Exact reproduction of the data is required, with images excluded.

● **Entries provided**:
* * * * * * *
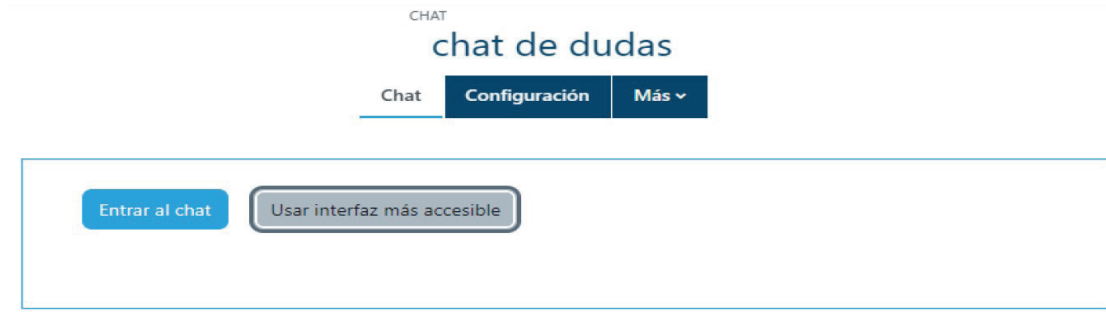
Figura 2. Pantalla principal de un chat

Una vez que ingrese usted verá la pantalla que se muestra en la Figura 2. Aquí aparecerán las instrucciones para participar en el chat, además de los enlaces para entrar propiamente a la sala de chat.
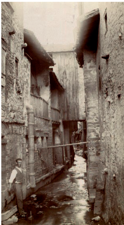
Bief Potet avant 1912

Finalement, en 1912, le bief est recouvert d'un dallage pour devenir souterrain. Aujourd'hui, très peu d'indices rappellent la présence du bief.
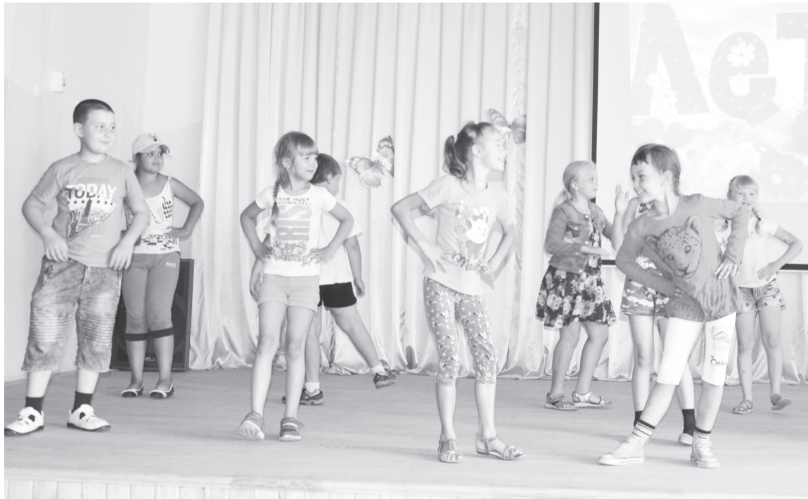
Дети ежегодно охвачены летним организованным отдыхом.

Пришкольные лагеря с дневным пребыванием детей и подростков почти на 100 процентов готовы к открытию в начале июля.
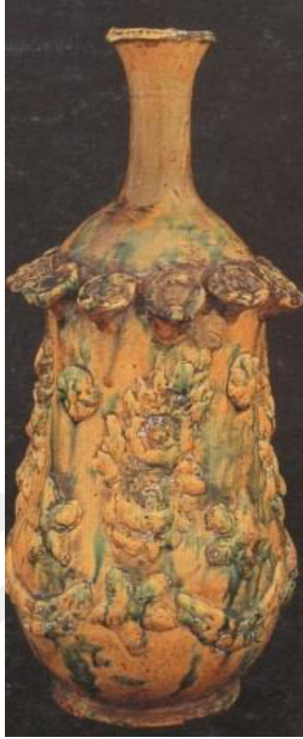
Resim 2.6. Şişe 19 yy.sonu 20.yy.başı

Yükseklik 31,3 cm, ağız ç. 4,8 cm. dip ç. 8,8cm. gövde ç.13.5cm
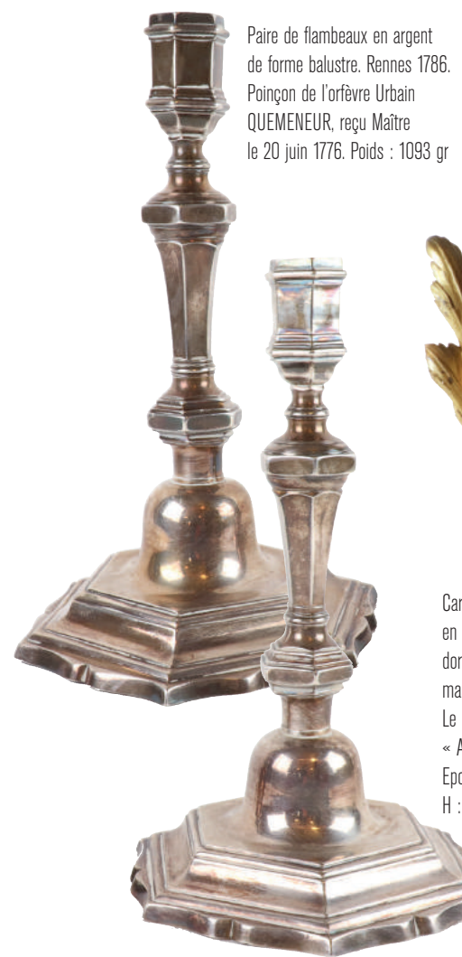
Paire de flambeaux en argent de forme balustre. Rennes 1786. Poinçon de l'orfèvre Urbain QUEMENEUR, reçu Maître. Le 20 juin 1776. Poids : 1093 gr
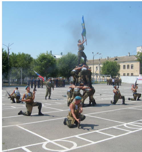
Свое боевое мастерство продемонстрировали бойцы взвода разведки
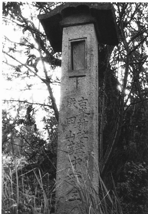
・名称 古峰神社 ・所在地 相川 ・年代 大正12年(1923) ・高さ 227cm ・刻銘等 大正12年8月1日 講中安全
* * * * * * *
● **Problem solution**:
Figura 2. Pantalla principal de un chat

Una vez que ingrese usted verá la pantalla que se muestra en la Figura 2. Aquí aparecerán las instrucciones para participar en el chat, además de los enlaces para entrar propiamente a la sala de chat.
Bief Potet avant 1912

Finalement, en 1912, le bief est recouvert d'un dallage pour devenir souterrain. Aujourd'hui, très peu d'indices rappellent la présence du bief.
Дети ежегодно охвачены летним организованным отдыхом.

Пришкольные лагеря с дневным пребыванием детей и подростков почти на 100 процентов готовы к открытию в начале июля.
Resim 2.6. Şişe 19 yy.sonu 20.yy.başı

Yükseklik 31,3 cm, ağız ç. 4,8 cm. dip ç. 8,8cm. gövde ç.13.5cm
Paire de flambeaux en argent de forme balustre. Rennes 1786. Poinçon de l'orfèvre Urbain QUEMENEUR, reçu Maître. Le 20 juin 1776. Poids : 1093 gr
Свое боевое мастерство продемонстрировали бойцы взвода разведки
・名称 古峰神社 ・所在地 相川 ・年代 大正12年(1923) ・高さ 227cm ・刻銘等 大正12年8月1日 講中安全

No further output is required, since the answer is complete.